NEW YORK (Reuters) – Wall Street rose for the third time in four days on Thursday as the U.S. Federal Reserve unleashed its latest program designed to buttress local governments and businesses crushed by moves to slow the coronavirus outbreak.
FILE PHOTO: A man crosses a nearly deserted Nassau Street in front of the New York Stock Exchange (NYSE) in the financial district of lower Manhattan during the outbreak of the coronavirus disease (COVID-19) in New York City, New York, U.S., April 3, 2020. REUTERS/Mike Segar
In the $2.3 trillion package, the Fed said it would work with banks to offer four-year loans to companies of up to 10,000 employees and directly buy bonds of states and more populous counties and cities.
“It was unexpected and it has definitely given a shot in the arm not only to the overall equity market but also the high yield market,” said Sal Bruno, chief investment officer at IndexIQ in New York.
The financial index was up 4.11%, providing the biggest boost to the S&P 500, as banks rose sharply on the Fed’s backstop. J.P. Morgan rose over 7.50%, leading gains on the Dow. Shares of iBoxx High Yield Corporate Bond Fund climbed 5.92%.
That helped take the sting out of another tough report on the labor market, with weekly initial jobless claims topping the 6 million mark for a second straight week.
The defensive real estate and utilities sectors also rose more than 4%.
The Dow Jones Industrial Average rose 191.56 points, or 0.82%, to 23,625.13, the S&P 500 gained 25.36 points, or 0.92%, to 2,775.34 and the Nasdaq Composite added 11.85 points, or 0.15%, to 8,102.75.
The S&P 500 has gained more than 12% in the holiday-shortened week on early signs of the outbreak hitting a peak and aggressive global stimulus, on track for its best weekly performance since 1974. The Dow, up nearly 13%, was poised for its biggest weekly percentage gain since 1938.
If gains hold through the day, the benchmark index would have logged its best week since October 1974.
While public health experts stressed the need to keep people apart to contain the contagion, the restrictions have strangled the economy and sparked widespread production cuts, layoffs and projections of a severe recession.
In a sign that the disease’s curve was flattening in New York, the epicenter of the U.S. outbreak, New York Governor Andrew Cuomo said new hospitalizations fell to a fresh low of 200, although deaths spiked to another new high.

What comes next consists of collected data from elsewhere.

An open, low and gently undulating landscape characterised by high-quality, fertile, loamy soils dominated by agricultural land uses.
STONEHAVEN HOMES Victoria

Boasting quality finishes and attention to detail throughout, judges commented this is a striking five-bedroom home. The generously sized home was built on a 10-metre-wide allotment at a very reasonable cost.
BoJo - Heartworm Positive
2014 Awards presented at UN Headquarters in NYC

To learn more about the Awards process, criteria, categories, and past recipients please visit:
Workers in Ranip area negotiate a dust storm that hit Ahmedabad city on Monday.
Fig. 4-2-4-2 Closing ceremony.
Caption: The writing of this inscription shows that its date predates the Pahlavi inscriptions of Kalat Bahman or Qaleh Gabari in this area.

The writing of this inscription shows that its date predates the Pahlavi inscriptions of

Major averages were well off their earlier highs, however, as oil prices reversed course and turned lower as OPEC and its allies held talks about production cuts, sending the energy sector down 3.63%.

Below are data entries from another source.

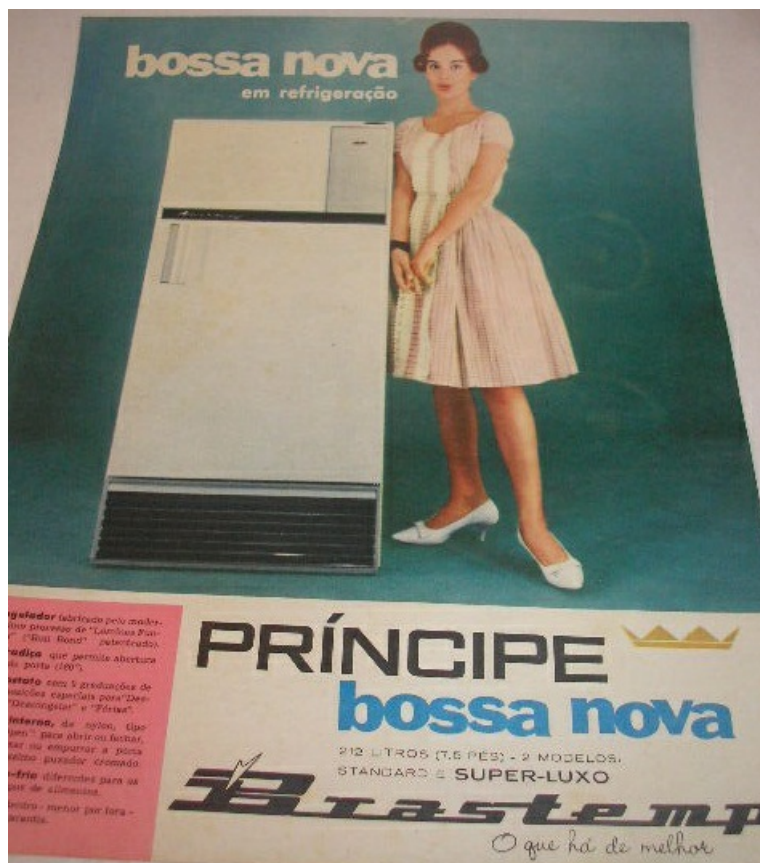
Brastemp "Príncipe Bossa Nova" Refrigerator.
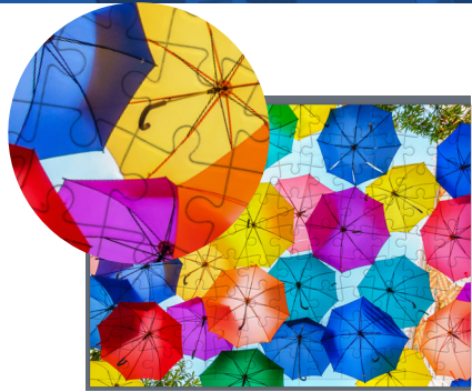
Produced with: TECHNI-PRINT® EZP

TECHNI-PRINT® EZP Heat Transfer Paper is for transferring photos and graphics to white and light colored fabrics, is easy to use yet gives crisp vibrant images regardless of the model of the laser printer or copier. Also Indigo® certified for the 7000 – 1000 series of printers.
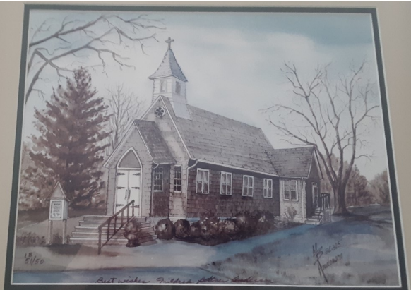
The original Holy Family Catholic Church on Central Avenue (1977) (now their chapel). Frame 19" × 16"

“The fact they are at the table, virtually talking, is a decent sign, probably not a great sign, but a decent sign,” said Bruno.
Walt Disney Co jumped 3.57%, as the company said its Disney+ streaming service had attracted more than 50 million paid users globally.
Advancing issues outnumbered declining ones on the NYSE by a 5.30-to-1 ratio; on Nasdaq, a 2.88-to-1 ratio favored advancers.
The S&P 500 posted 5 new 52-week highs and no new lows; the Nasdaq Composite recorded 14 new highs and 8 new lows.